Агентство «Театральный роман», недавно появившееся в Магнитогорске, поставило целью показать все достойные спектакли страны в нашем городе. В частности, до конца мая, благодаря соглашению с компанией «Арт-партнер XXI век», в Магнитогорске будут сыграны шесть лучших спектаклей нынешнего сезона, и на сцене их представят самые громкие имена: Елена Яковлева, Валентин Гафт, Валерий Гаркалин, Ольга Прокофьева, Михаил Полицеймако, Юлия Меньшова, Елена Проклова, Игорь Бочкин.
– Всех и не перечислишь, – говорит перед началом «Ведьмы» продюсер компании «Арт-партнер XXI век» Леонид Роберман. – Конечно, все это стало возможно благодаря ММК и агентству «Театральный роман», которые и вышли ко мне с таким предложением. Я, честно сказать, подумал, что ничего не получится. Представьте, нужно организовать огромное количество людей: чтобы все они в тот или иной день были свободны, нужна полностью оснащенная площадка, на которой они смогут сыграть, потому что все спектакли технически очень сложны…

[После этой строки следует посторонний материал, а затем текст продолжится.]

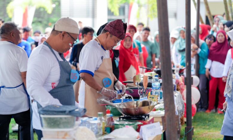 Di halaman kantor gubernur pecah oleh tawa. Satu per satu kepala OPD berusaha menaklukkan lomba makan kerupuk yang bikin penonton terpingkal. Usai itu, mereka langsung pindah ke arena lomba masak nasi goreng yang tak kalah heboh.
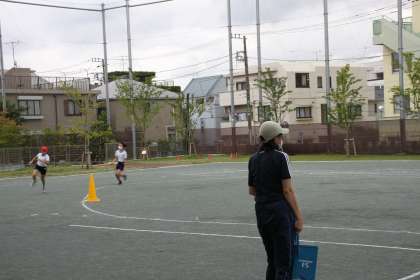 クラス全員でリレーをしますが、新型コロナウイルス対策のため、非接触で行います。

Но оказалось, что при большом желании возможно все. Итак, свет гаснет, и мы погружаемся «в культуру». В антракте проходим за кулисы – уже знаем, что Сергей давать интервью не будет, но Леонид Роберман – к нашим услугам. А у меня к нему только один вопрос: первый блин – не комом?
– Я вам должен сказать, что после того как вчера из-за невероятной пурги наш самолет минут тридцать кружил над аэропортом и не мог сесть, все пассажиры были убеждены, что мы сейчас развернемся и улетим обратно. И я подумал: что ж, значит, этому проекту быть не суждено. Оказалось – суждено. Самолет сел, и все мы здесь. Более того, я и Андрей Ильин прилетели на день раньше и даже покатались на горных лыжах в ваших замечательных здравницах. А Сергей, к сожалению, не смог – сейчас он плотно занят в съемках фильма «Колчак», в котором играет одну из главных ролей.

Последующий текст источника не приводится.